SERVIZI IN CAMBIO DI PACCHI ALIMENTARI, INIZIATIVA DELLA CARITAS A TORINO

ULTIMO AGGIORNAMENTO 12:28

In una comunità sono molte le cose da fare: riordino di ludoteche, pulizia di parcheggi o dell’area bike pride, aiutare persone anziane a fare un trasloco, collaborare alla festa della circoscrizione: il progetto “Fa Bene”, realizzato dalla cooperativa Liberi Tutti con il sostegno della Caritas in tre mercati rionali di Torino, prevede un “pagamento” in servizi per la collettività in cambio di pacchi alimentari.

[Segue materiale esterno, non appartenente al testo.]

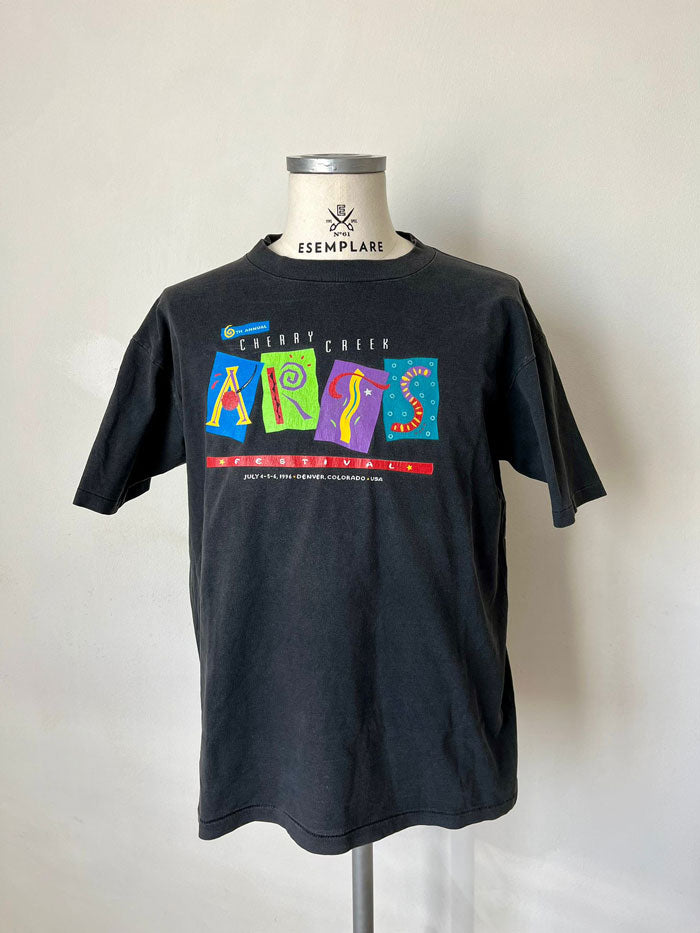 Graphic vintage tee black single stitch Cherry Creek festival, Denver Colorado Arts Festival. Dated 1996 Oneita Made USA brand.

Il progetto ha inoltre ottenunto il sostegno dell’assessore alle Politiche per l’ambiente e lo sviluppo tecnologico, Enzo Lavolta, che pensa di candidarlo tra le iniziative che rendono in capoluogo piemontese “Smart City”.

L’iniziativa è nata 18 mesi fa con un grande finanziamento della Caritas di 25mila euro grazie ai fondi dell’8xmille, e prevede la raccolta di cibo – già pagato – nei mercati e la sua distribuzione a famiglie bisognose, in cambio solo del loro tempo per svolgere attività a favore della collettività, e vengono chiamate “restituzioni”. Queste, vengono concordate durante i “pranzi della restituzione”, tenuti periodicamente in locali delle circoscrizioni, in cui le famiglie beneficiarie dei pacchi alimentare portano qualcosa cucinato da loro”, spiega Deana Balzarino della cooperativa Liberitutti che ha ideati l’iniziativa. I piccoli lavori che si svolgono vanno bene anche per persone con basso livello di istruzione, ma vanno a beneficio di tutto il territorio. Il progetto è oggi attivo in tre mercati rionali di Torino (via Foroni, corso Svizzera e corso Chieti) e altri tre sono in partenza: “Anche se prendiamo il tempo necessario, perchè è importante organizzare bene il sistema delle restituzioni”, sottolinea Balzarino.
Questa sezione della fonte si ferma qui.